Eli Manning is all business, and he’s making sure his team is, too. Manning, a team captain, made sure he got his message across during a team meeting on Tuesday.

“We got an excellent message from Eli. … It was very well needed,” Antrel Rolle told the New York Post.

Explained Manning: “Just a little bit how to prepare for this, handle your business with tickets, get that stuff done. Just the mindset of this week, we have to have great preparation, prepare this week like you’re playing the game this week, because once you get out to Indianapolis, you’ve got to take a bus ride to practice [and] your whole schedule gets thrown off.”

Manning obviously knows how to successfully prepare for a Super Bowl, and his message was heard by teammates.

“It’s great to hear someone speak with that kind of leadership,’’ Rolle said. “You know Eli doesn’t say much, and when he says it, he means it and you know it’s coming from the heart. We’re going out there to take care of business. Everything else, that’s for the spectators, that’s for your family and your friends.”

♦ As Patriots fans know, Ravens kicker Billy Cundiff was the goat of the AFC championship game. Sunday’s other game had its own goat: 49ers return man Kyle Williams, who muffed one punt and had another stripped, setting up two Giants scores (including the game-winning field goal).

Williams had eight punt returns on the day in while filling in for Ted Ginn Jr., and there have been reports that the Giants targeted him for big hits, knowing Williams has had problems with concussions. Devin Thomas, who picked up both of Williams’ fumbles, and linebacker Jacquian Williams, who caused the fumble in overtime, had interesting words after the game.

“He’s had a lot of concussions,” Thomas was quoted as saying. “We were just like, ‘We’ve got to put a hit on that guy.’ ”

Added Williams: “We knew he had four concussions, so our biggest thing was to take him out of the game.”

However, other Giants players said Tuesday that the situation was overstated.

“I don’t think we’ve ever talked about knocking anybody out with concussions or anything like that,” Justin Tuck told the New York Daily News. “But it’s not like we weren’t trying to hit him. We were definitely trying to get a lot of hats on him because he might not have been as comfortable back there as say a Ted Ginn who had been there all year. But as far as trying to knock him out of the football game? No.”

“We didn’t talk about it,” added linebacker Michael Boley. “Concussions are a big deal. Obviously we don’t want to hurt anybody. We’re a fraternity of brothers all across the league. We don’t want to see anybody get hurt.”

♦ Giants executive Chris Mara got great news on Tuesday, but it wasn’t about his team. Mara’s daughter, Rooney Mara, was nominated for a best actress Oscar on Tuesday for her role in the film “The Girl With the Dragon Tattoo.” Mara was just as enthusiastic about his daughter’s nomination as his team’s win, showing up late to work on Tuesday so he could watch the nominee show.
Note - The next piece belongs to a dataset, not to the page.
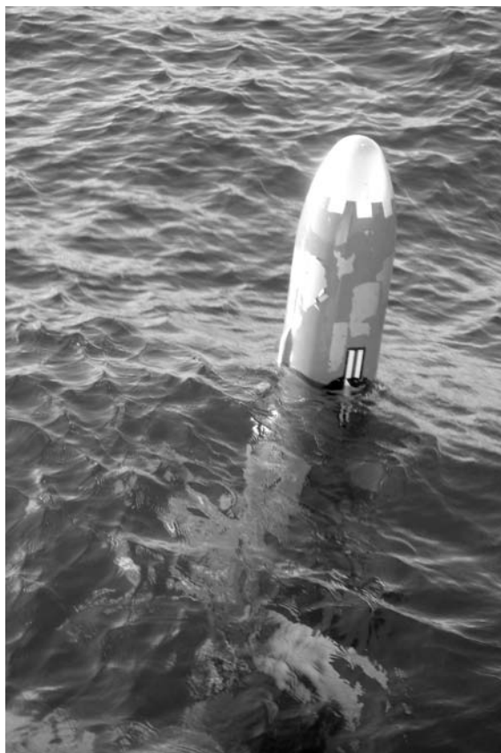
US Air Force target drone.

“I watched it at home by myself,” said Mara, son of team owner Ann Mara. “I was kind of in between going to work and I didn’t want to get stuck in traffic. So I stayed home and watched it. I wasn’t expecting it. I knew she was somewhere on the bubble and I really don’t know how those things work. So I let out a pretty loud roar. I cried for a while, then went to church and lit a few candles and I drove to work.”
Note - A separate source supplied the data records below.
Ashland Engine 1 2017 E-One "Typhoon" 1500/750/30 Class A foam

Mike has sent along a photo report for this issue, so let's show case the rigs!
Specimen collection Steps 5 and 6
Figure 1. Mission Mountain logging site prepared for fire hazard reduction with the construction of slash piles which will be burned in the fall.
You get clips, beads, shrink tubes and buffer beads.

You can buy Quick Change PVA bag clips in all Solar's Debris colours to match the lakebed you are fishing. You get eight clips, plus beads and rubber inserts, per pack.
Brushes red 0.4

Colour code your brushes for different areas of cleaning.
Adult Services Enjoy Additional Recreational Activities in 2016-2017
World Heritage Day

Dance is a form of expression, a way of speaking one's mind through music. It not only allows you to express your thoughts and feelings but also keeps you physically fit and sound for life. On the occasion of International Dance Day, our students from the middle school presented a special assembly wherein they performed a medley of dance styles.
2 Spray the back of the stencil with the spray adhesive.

Ann Mara also had made news this week. First, she interrupted Fox Sports analyst Terry Bradshaw while he was trying to interview the victorious Giants Sunday and chided him for picking against the Giants. On Monday, she broke her shoulder in a fall while returning home from church.

♦ Former Giants wide receiver David Tyree admits that despite the fame and money he earned, he would’ve taken a different approach to how he lived his life after making his epic helmet catch to help the Giants win Super Bowl XLII.

“I had a great chance after the Super Bowl to come from nowhere,” Tyree told the New York Post. “No boasting, but there was no one more sought after — other than the Strahans and Elis — but as far as somebody coming from being totally anonymous in the sports world to come to the forefront, it was pretty drastic.”

The drastic changes led to Tyree forcing his wife, who gave birth to twin girls two weeks after the Super Bowl, to care for the girls by herself while Tyree went out for speech and appearance fees.

“I would’ve made some different choices,’’ he said. “I was at a point where I never had any opportunity in my life to experience that, so if they said do an appearance and I’ll give you [$10,000 to $15,000], shoot I’m there. It’s almost common sense.”

After his famous play Tyree did not last long in the NFL, skipping the 2008 season and retiring after appearing in 10 games (no catches) for the Ravens in 2009.